When a generated photo or video becomes indistinguishiable from reality, does reality just collapse? How do we know what’s real anymore, and if society deems an image/video as false, how do we know it isn’t just a government cover-up?
Just a few words into a Gen-AI program and there will be a video on the news of you commiting a terrorist bombing of a pre-school, even tho you were never anywhere near there. They can send the secret police to murder people, then post a video of the people they’ve killed as “resisting arrest” or “trying to shoot the officers on scene”, even tho they were unarmed and cooperative.
Like… do governments just get to shape the world as they see fit?
whos to define reality? was it not truth that the sun orbited the earth? reality is also the most popular theory. string theory could be truth. president names in epstein files could be truth. if someone doctors the list before it hits the courts, and its voted on as true, it becomes truth to society while not matching reality.
i think we are circling the same idea from different angles. kinda fun, thanks for the critical thinking sparring.

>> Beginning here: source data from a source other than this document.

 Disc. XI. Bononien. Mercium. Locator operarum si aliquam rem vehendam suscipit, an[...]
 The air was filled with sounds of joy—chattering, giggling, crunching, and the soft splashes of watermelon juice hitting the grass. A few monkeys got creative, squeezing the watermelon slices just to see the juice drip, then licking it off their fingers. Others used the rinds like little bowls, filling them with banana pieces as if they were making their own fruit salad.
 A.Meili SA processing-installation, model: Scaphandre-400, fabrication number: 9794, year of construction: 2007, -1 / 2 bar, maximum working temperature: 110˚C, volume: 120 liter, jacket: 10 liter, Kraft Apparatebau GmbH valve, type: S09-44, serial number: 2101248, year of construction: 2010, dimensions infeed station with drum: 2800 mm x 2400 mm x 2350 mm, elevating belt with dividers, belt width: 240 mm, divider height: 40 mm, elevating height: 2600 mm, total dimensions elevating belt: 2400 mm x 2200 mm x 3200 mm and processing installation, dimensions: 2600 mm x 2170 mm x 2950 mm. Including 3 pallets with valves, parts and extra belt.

Nobody defines reality. We discover reality. Reality defines us.
Reality doesn’t care about any idea, hypothesis, or theory.

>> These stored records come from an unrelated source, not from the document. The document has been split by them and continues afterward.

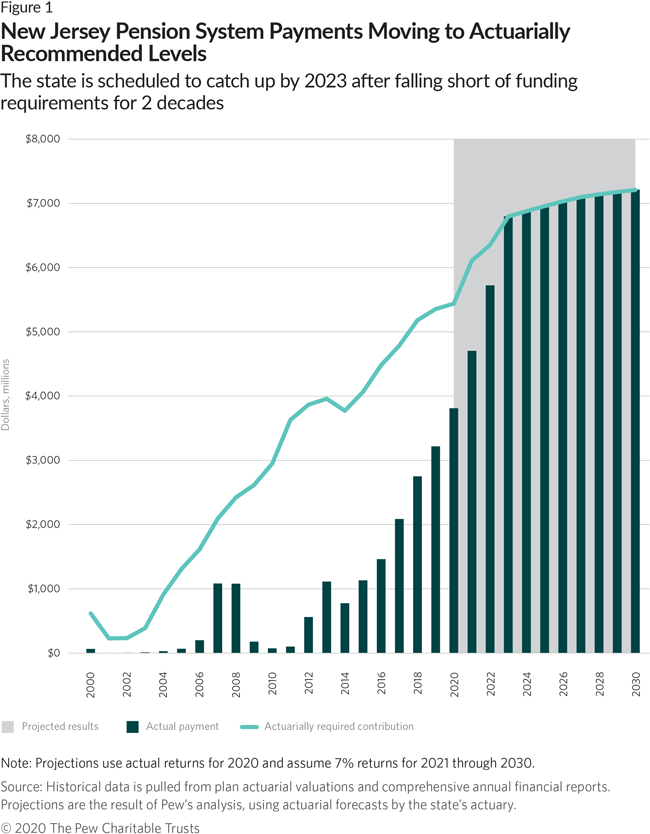 This year, the state actuary produced timely projections that assessed the impact of COVID-19 on pension plan balance sheets. In addition, Pew provided an independent stress test analysis to Senate President Stephen Sweeney (D) and then to state policymakers. The results of that analysis, which included a new framework to account for the economic impact of the pandemic on state finances and pension investments, indicated the $4.7 billion payment was only slightly over the minimum contribution required to protect against fiscal distress. The full payment illustrates New Jersey’s fiscal discipline as well as leaders’ commitment to pensioners and stabilizing the state pension systems.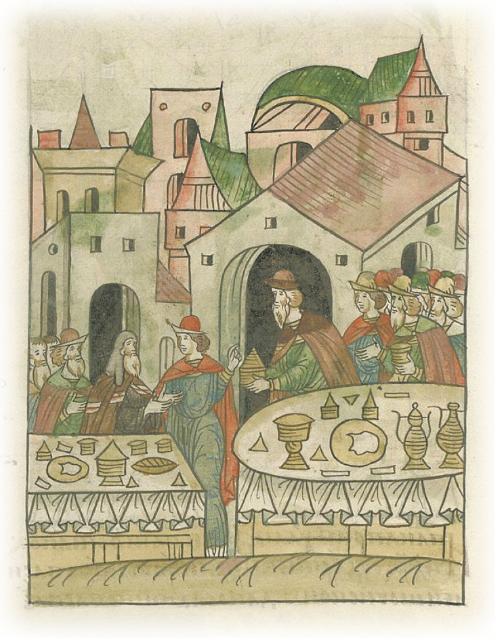 И князь великий звал их к себе есть. И ели, и пили у него, и одарил князь великий владыку и князя Василия.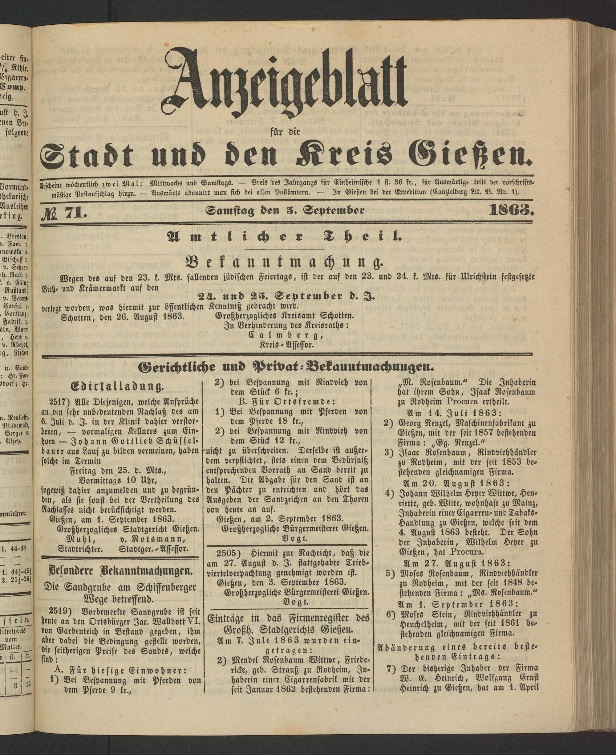 Anzeigeblatt für die Provinzialhauptstadt Gießen. 1840-1867

Reality is ignorant of courts, votes, or opinion.
Reality is what is, and we make up stories that may or may not agree with reality. Makes no difference to reality.
so truth then would also be absolute? and not a human perception?
i feel like humans use truth more relatively. perhaps there should be distinctions between absolute truth and relative truth in the english language.
some people ‘believe’ aliens to be true. believe in a truth. you shouldnt have to believe a truth if it has no counterpoint. like if gravity is truth. you shouldn’t be able to believe in it. it should just happen to you.
They believe in an idea. They believe that idea is true.
In my experience, when people talk about some subjective Truth, they say things like “my truth” or “feels true”. They aren’t making a claim beyond their subjective perceptions. And while their perceptions are true, (meaning those perceptions happened to them), those perceptions aren’t necessarily an account of real external events. That’s how stage magic works. It looks like one thing, but what it looks like isn’t reality.
And saying you shouldn’t be able to believe in something because it’s real, sounds very strange. Maybe you mean, you shouldn’t need to believe in something because it’s real?